TASK TO CARRY OUT: Excluding pictures, retype the line with "This Puma hoodie" and each line that follows it to the end of the data below, word for word.

THE DATA:
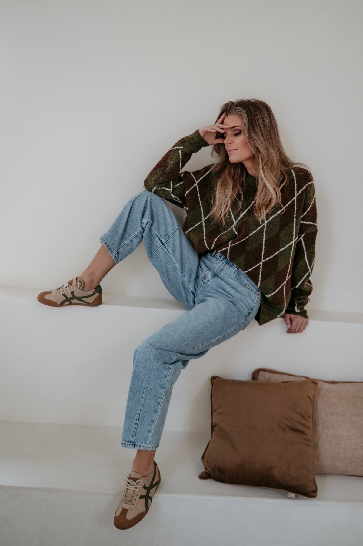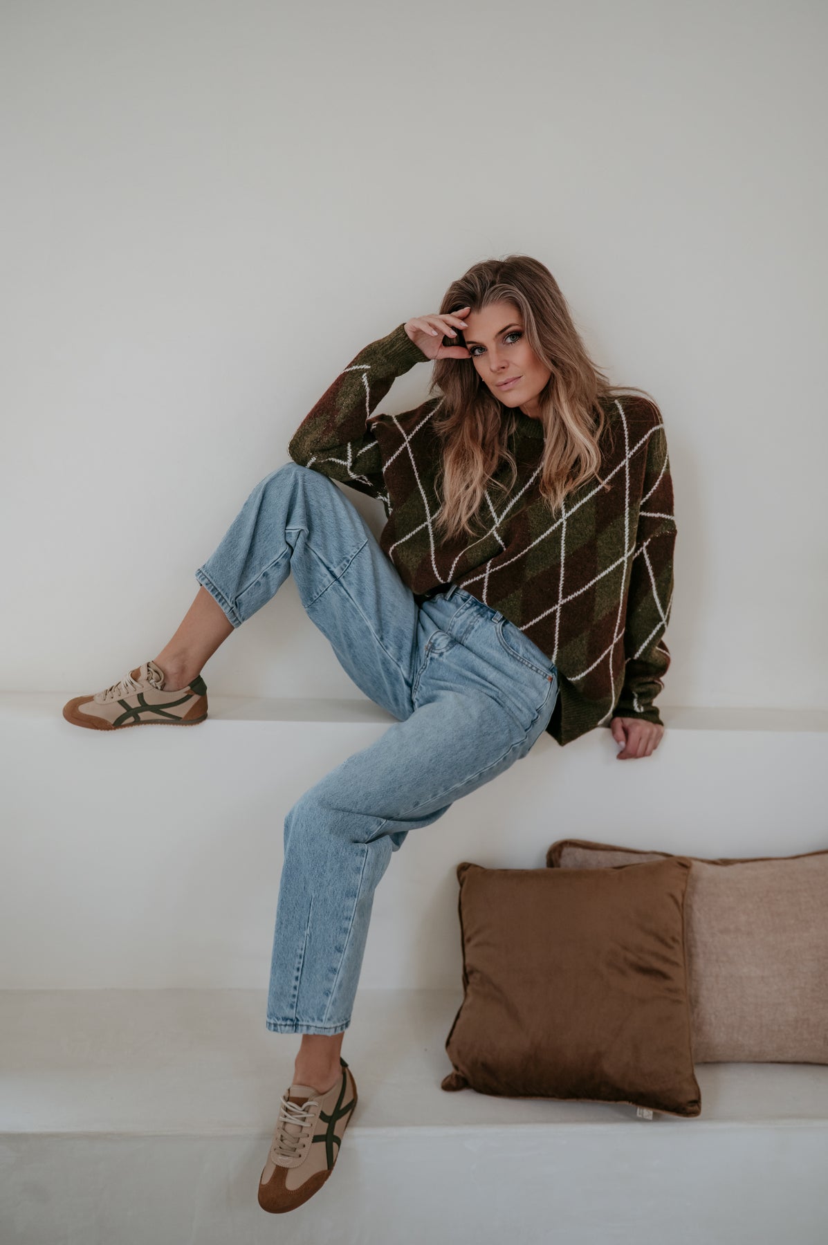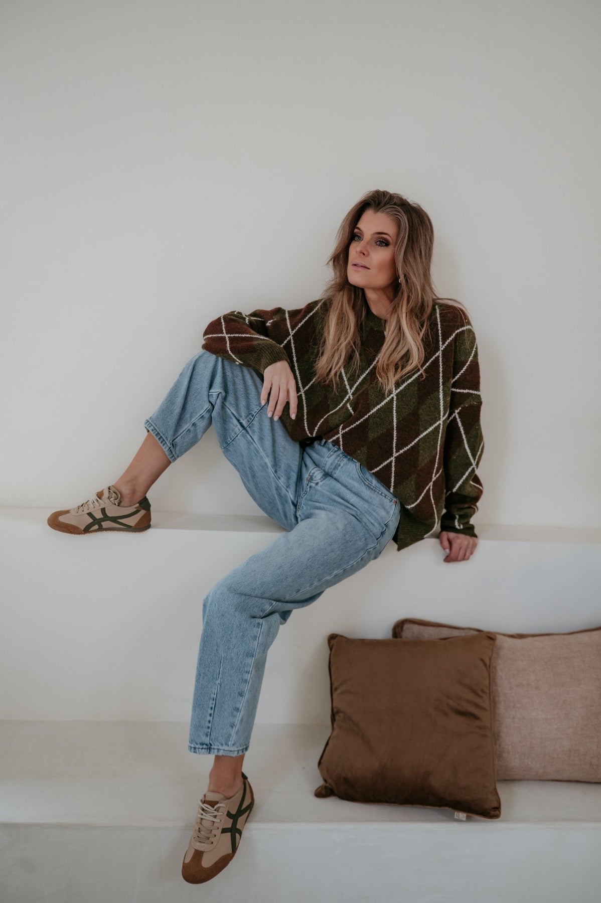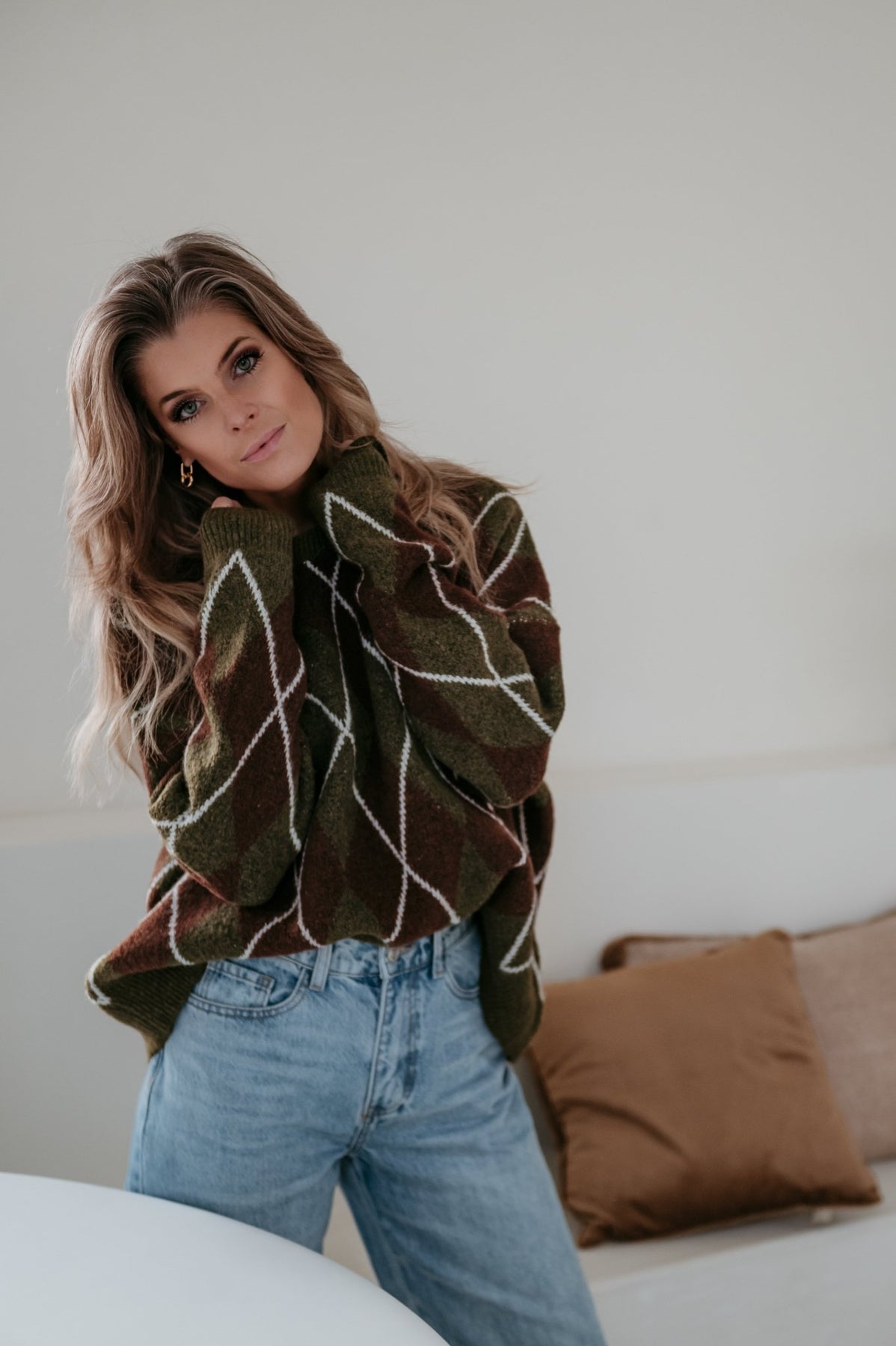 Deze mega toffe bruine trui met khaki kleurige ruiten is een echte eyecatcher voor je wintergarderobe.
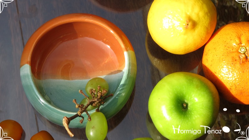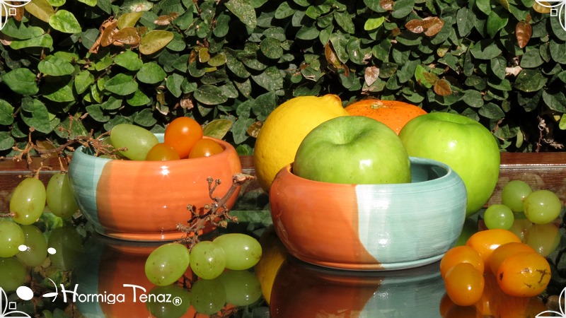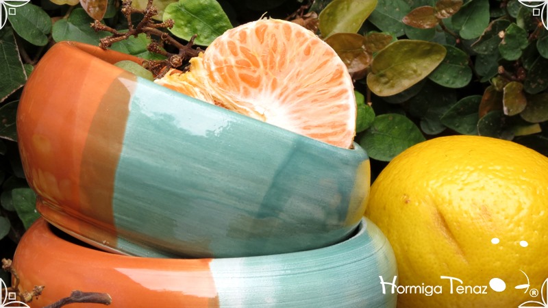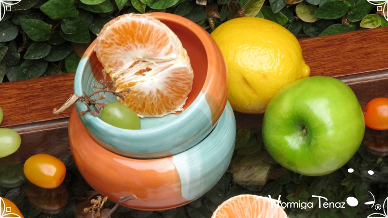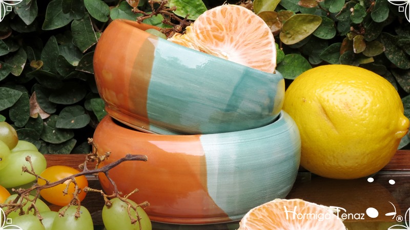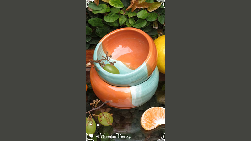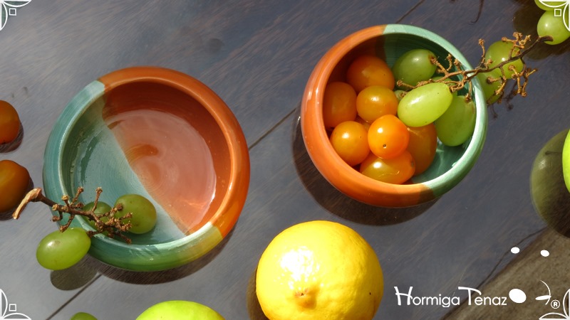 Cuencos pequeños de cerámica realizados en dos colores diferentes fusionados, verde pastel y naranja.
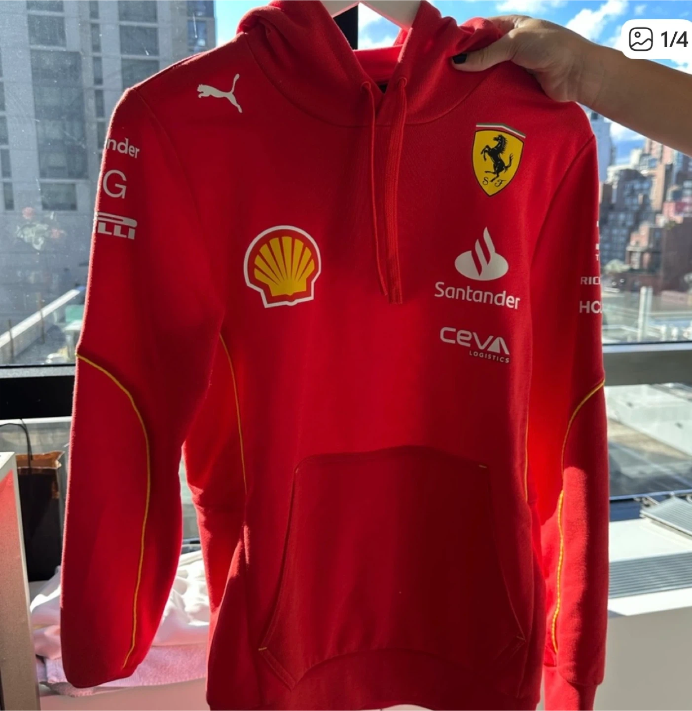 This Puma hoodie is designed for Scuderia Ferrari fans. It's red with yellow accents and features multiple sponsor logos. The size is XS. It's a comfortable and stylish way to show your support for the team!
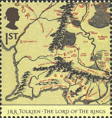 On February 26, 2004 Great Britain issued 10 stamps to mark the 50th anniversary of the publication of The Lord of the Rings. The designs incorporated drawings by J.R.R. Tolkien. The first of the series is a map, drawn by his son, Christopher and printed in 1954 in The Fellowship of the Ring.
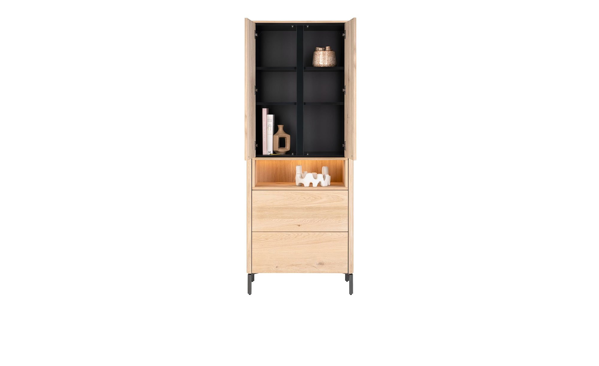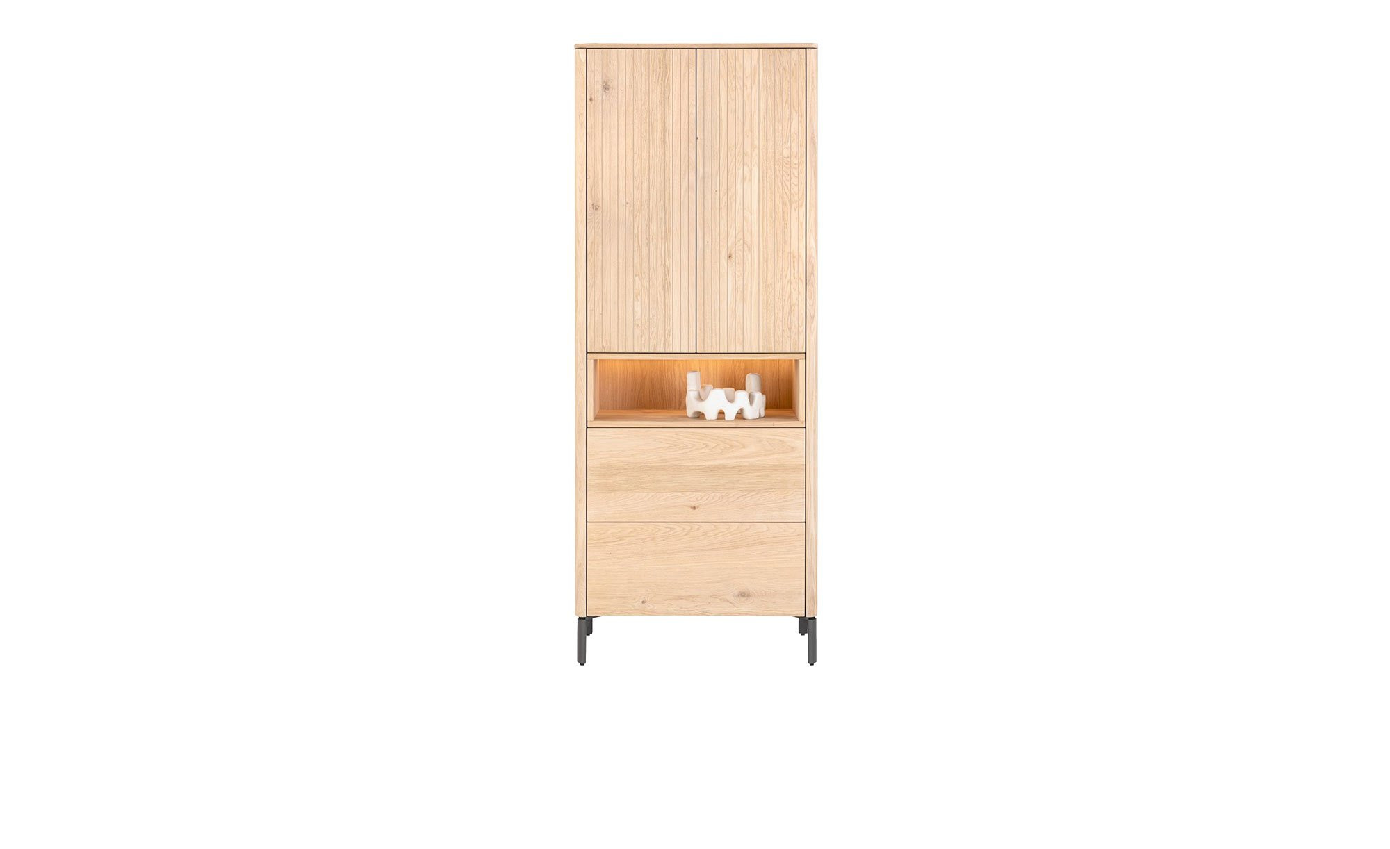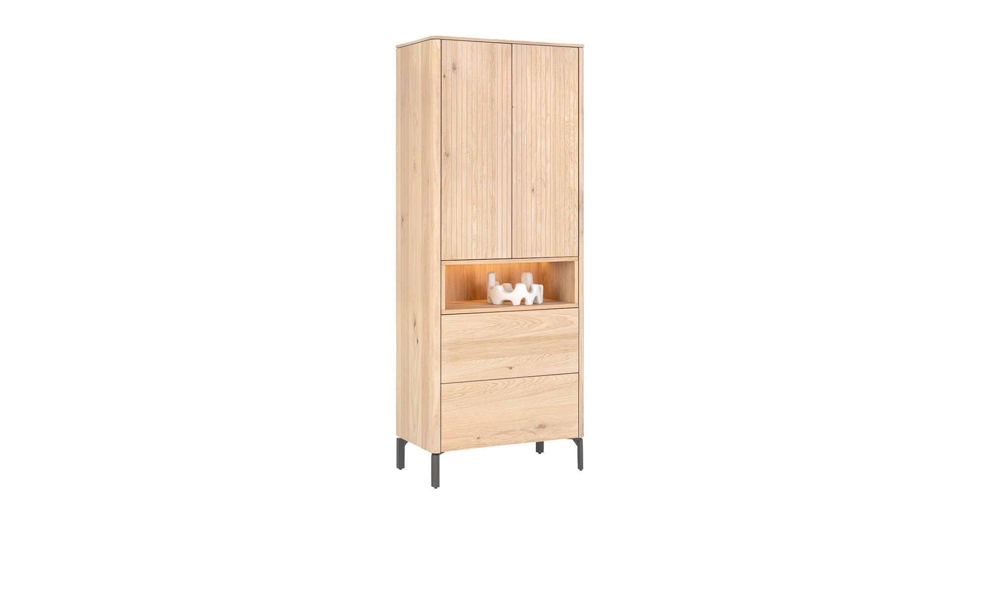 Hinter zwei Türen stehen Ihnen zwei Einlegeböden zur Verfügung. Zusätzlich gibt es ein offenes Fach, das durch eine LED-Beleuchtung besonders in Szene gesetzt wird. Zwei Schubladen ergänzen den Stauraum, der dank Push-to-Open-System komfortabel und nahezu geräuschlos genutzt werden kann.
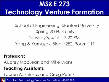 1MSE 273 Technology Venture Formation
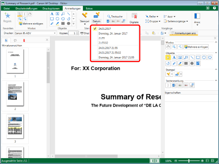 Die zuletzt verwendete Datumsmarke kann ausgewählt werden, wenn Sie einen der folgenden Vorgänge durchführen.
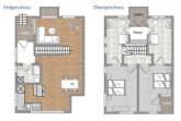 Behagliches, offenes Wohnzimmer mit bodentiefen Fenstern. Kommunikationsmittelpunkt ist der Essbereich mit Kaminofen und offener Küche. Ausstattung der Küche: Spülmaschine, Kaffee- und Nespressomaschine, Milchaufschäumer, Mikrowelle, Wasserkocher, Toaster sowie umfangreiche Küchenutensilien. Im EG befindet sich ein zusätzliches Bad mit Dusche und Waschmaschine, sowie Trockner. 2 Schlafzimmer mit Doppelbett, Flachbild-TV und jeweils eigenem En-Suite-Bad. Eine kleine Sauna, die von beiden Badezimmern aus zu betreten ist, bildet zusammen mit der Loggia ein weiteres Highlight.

SOLUTION:
 This Puma hoodie is designed for Scuderia Ferrari fans. It's red with yellow accents and features multiple sponsor logos. The size is XS. It's a comfortable and stylish way to show your support for the team!
 On February 26, 2004 Great Britain issued 10 stamps to mark the 50th anniversary of the publication of The Lord of the Rings. The designs incorporated drawings by J.R.R. Tolkien. The first of the series is a map, drawn by his son, Christopher and printed in 1954 in The Fellowship of the Ring.
 Hinter zwei Türen stehen Ihnen zwei Einlegeböden zur Verfügung. Zusätzlich gibt es ein offenes Fach, das durch eine LED-Beleuchtung besonders in Szene gesetzt wird. Zwei Schubladen ergänzen den Stauraum, der dank Push-to-Open-System komfortabel und nahezu geräuschlos genutzt werden kann.
 1MSE 273 Technology Venture Formation
 Die zuletzt verwendete Datumsmarke kann ausgewählt werden, wenn Sie einen der folgenden Vorgänge durchführen.
 Behagliches, offenes Wohnzimmer mit bodentiefen Fenstern. Kommunikationsmittelpunkt ist der Essbereich mit Kaminofen und offener Küche. Ausstattung der Küche: Spülmaschine, Kaffee- und Nespressomaschine, Milchaufschäumer, Mikrowelle, Wasserkocher, Toaster sowie umfangreiche Küchenutensilien. Im EG befindet sich ein zusätzliches Bad mit Dusche und Waschmaschine, sowie Trockner. 2 Schlafzimmer mit Doppelbett, Flachbild-TV und jeweils eigenem En-Suite-Bad. Eine kleine Sauna, die von beiden Badezimmern aus zu betreten ist, bildet zusammen mit der Loggia ein weiteres Highlight.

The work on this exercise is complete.